I retro-fitted Unicode (UTF-8) to an existing language last year. My own
view is that any/every modern language should support UTF-8 natively,
and that it's easy if you build it in from the start. Retro-fitting can
be a real problem, though. Some issues:
- I was surprised by the comment about the difficulty of supporting
strings; this was the only thing that was trivial
- If the compiler has a (f)lex lexer, then you've got a problem, since
lex only supports ASCII-7. However, you can work around this without too
much trouble
- not an issue for VHDL, but my biggest problem was getting UTF-8 into a
C-like preprocessor. This was most of the work
- I had other minor problems with symbol tables, and so on, but these
were easy to fix. They would be more difficult if your compiler is
written in C and relies heavily on nul-terminated strings.

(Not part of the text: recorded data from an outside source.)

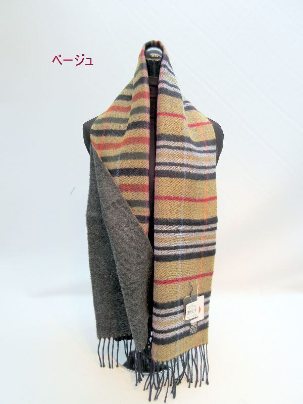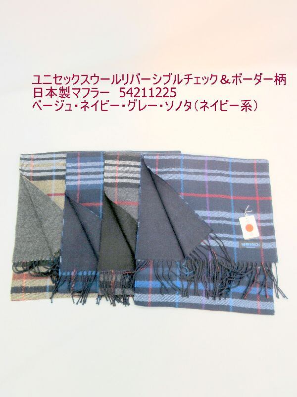 マフラー ファッション小物 レディースファッション ユニセックス ウール リバーシブル チェック ボーダー柄 日本製マフラー 暖かい 甲州 山梨県 丹念に織上げ 日本製 切り替え 裏面シンプル 無地 秋冬のオシャレ 防寒 【3001-14060236】
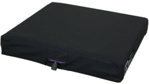 This cushion features a combination of memory foam and air compartments. An air valve is used to make adjustments to the cushion. It features a breathable, washable cover. Suitable for use by clients at medium risk of pressure injuries.
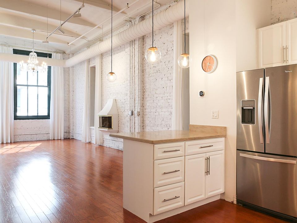 Bright and airy industrial loft located in historic Paper Place Lofts of Printer's Row. This unique 1400 sq/ft 2BD/1BA has 14' ceilings with exposed white brick throughout. Recently updated, it features Scandinavian style hardwoods, modern art-deco spa bathroom, and convenient laundry room with new Samsung washer/dryer. The kitchen space has modern appliances with brand new microwave and dishwasher. The large open living space includes a functional mid-century modern fireplace and stunning antique chandelier. Both bedrooms have walk-in closets with excellent storage and a 10ft window with new modern blinds. Keyless entry and nest thermostat. The building includes an exercise room, spacious lobby, and mail/package area. Enjoy the Southbank riverwalk just across the street or take a short walk to the lake, Grant Park, loop, restaurants and shopping. 5 minute walk to Red or Blue lines. Small dogs/Cats ok, larger dogs on case by case basis. Street parking available. Fees - Application $45, First/last/security required for move-in, $350 pet deposit, $50 annual pet fee, Move in fees: $200 (weekdays) with $250 deposit (in the event of damage to common area, refundable).
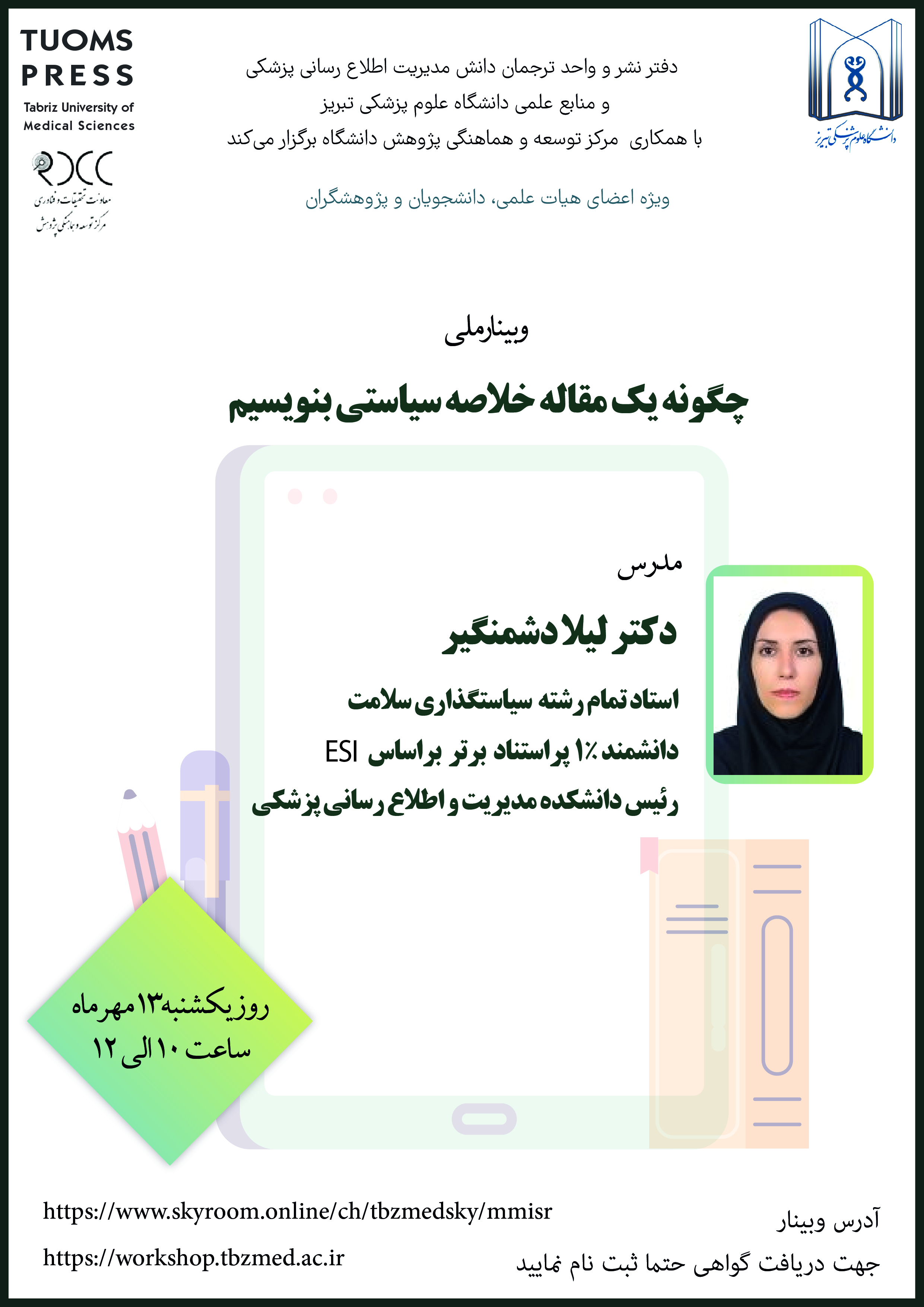 مدیریت اطلاع رسانی پزشکی منابع علمی دانشگاه علوم پزشکی تبریز با همکاری مرکز توسعه و هماهنگی کشور دانشگاه علوم پزشکی تبریز ، وبینار ملی "چگونه یک مقاله خلاصه سیاستی بنویسیم" را روز یکشنبه 13 مهر ماه سالجاری در بستر اسکای روم برگزار می کند
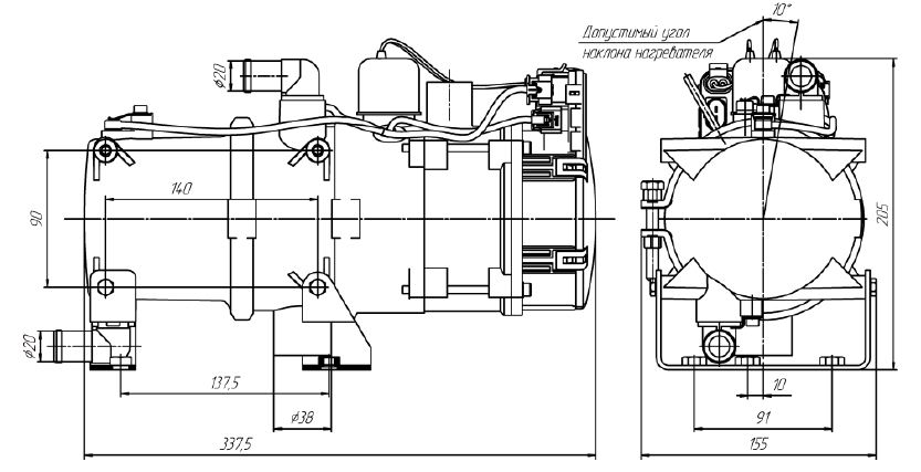 Этот подогреватель с тепловой мощностью 10 кВт служит для предварительного прогрева двигателя, чтобы исключить холодный запуск и может работать со штатным отопителем автомобиля, для отопления салона в холодный период.

You can
probably fix all these problems by requiring input to be "modified
UTF-8" rather than standard UTF-8. I think this is quite common - Java,
for example.
- there's no problem with legacy back-end tools: you just output a
translated version of your identifier. You can't put arbitrary UTF-8
chars into an extended identifier, so this wouldn't be particularly
clean, but it's better than nothing [as an aside, extended identifiers
would of course be redundant with UTF-8 support]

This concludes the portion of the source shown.